As a camp director, you may often find yourself leaning on the same three or four stories over and over again. And while those stories are great, you—and the folks you share them with—are probably ready for some new material. It turns out that the stories I told were the ones that I had personally witnessed.
But the good news is finding new stories is pretty easy! Just think: If you have three or four memorable stories from your time at summer camp, each of your staff members or campers probably do too! The challenge, then, is how to capture these stories from the staff and the kids.
Think about the stories you’d like to tell
Often, we try to find stories by asking questions that are too broad, such as “How has camp impacted you?” That’s not a bad question, but it can be difficult to answer. Where should you even start? To avoid overwhelming your staff member or camper and get better stories, consider asking some of the following questions.
- When was a time that a camper tried something new in your group? What happened?
- Did a camper overcome a fear this session? How did it happen?

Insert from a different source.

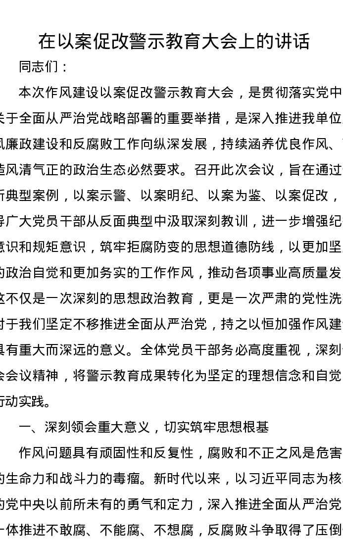 在以案促改警示教育大会上的讲话
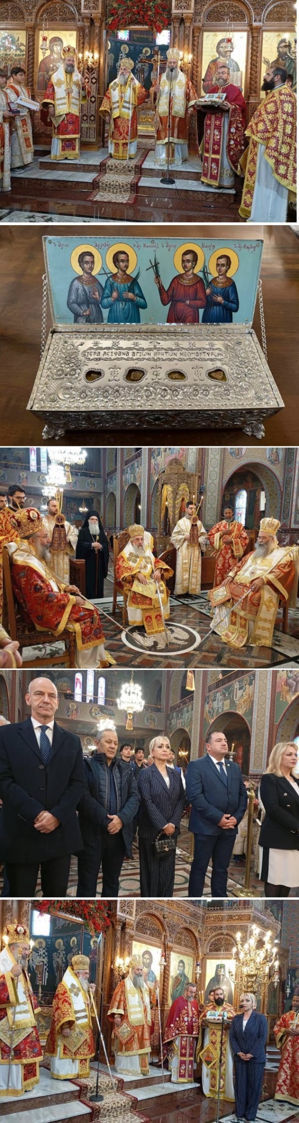 Πριν την απόλυση της Θ. λειτουργίας, ο Αρχιεπίσκοπος Κρήτης παρέδωσε αποτμήματα των ι. Λειψάνων των Αγίων Τεσσάρων Νεομαρτύρων Μανούηλ, Αγγελή, Γεωργίου και Νικολάου, που μαρτύρησαν στο Ρέθυμνο, με την επισήμανση ότι εφέτος συμπληρώνονται διακόσια χρόνια από το μαρτύριό τους (1824-2024)

- What fellow staff member has impressed you by going above and beyond for their campers this summer? What did you witness?
- Do you have a camper who was homesick but ended up loving camp? What happened?
- Did you form any friendships this summer? What was it like?
These questions help people remember the stories you’re ultimately looking to share.
Create a way for staff AND campers can share their stories
This has to be easy because your staff members have a lot on their plates! You can do this both informally and more formally. The first, informal way is to incorporate some casual storytelling into staff meetings or huddles. For example, if your camp has an exciting experience or an activity that creates an important turning point for group formation within the cabin, solicit questions from the staff during the following morning’s huddle, such as “What funny stuff happened at campout last night?” or “Whose cabin really bonded at campout last night? What happened?” You can then jot down the best of these stories in your notes and follow up later with the counselors to get details.
More formally, you can incorporate reporting mechanisms to capture staff stories. Some camp directors might use a simple QR code that leads to a Google Form where staff members can quickly submit reflections or experiences. Perhaps this Google Form, once completed, gives staff members access to a special incentive or reward like a treat or swag from the camp store. You can also choose from the “best” of these stories to share at a staff meeting to start building a culture of storytelling.
You can do some of the same things! When hanging out with campers, ask them to tell you their camp stories. You can easily sit down with a group of campers when waiting for a meal or hanging out after an activity wraps up to ask them questions about counselors they look up to, activities they enjoy, and ways that camp has made them think differently about the world. More formally, you can also ask campers to provide written reflections (including drawings!) on their camp experiences. Some camps do a mid-session or end-of-session camper survey, and this is a perfect time to ask those specific camp story questions.
Write them down
This may seem obvious, but no matter how good you think your memory is, you’re almost guaranteed to forget some elements of a story or memory. Create a system that works for you, whether it’s a Google Doc where you make simple notes about the best camp stories (that you can later use the “find” commend to search for certain themes!) or a written list of the highlights. Also be sure to note who shared the story so you can follow up if needed and eventually attribute it properly when you get ready to share.
Do your November or February self a favor and collect (and write down!) this summer’s camp stories today.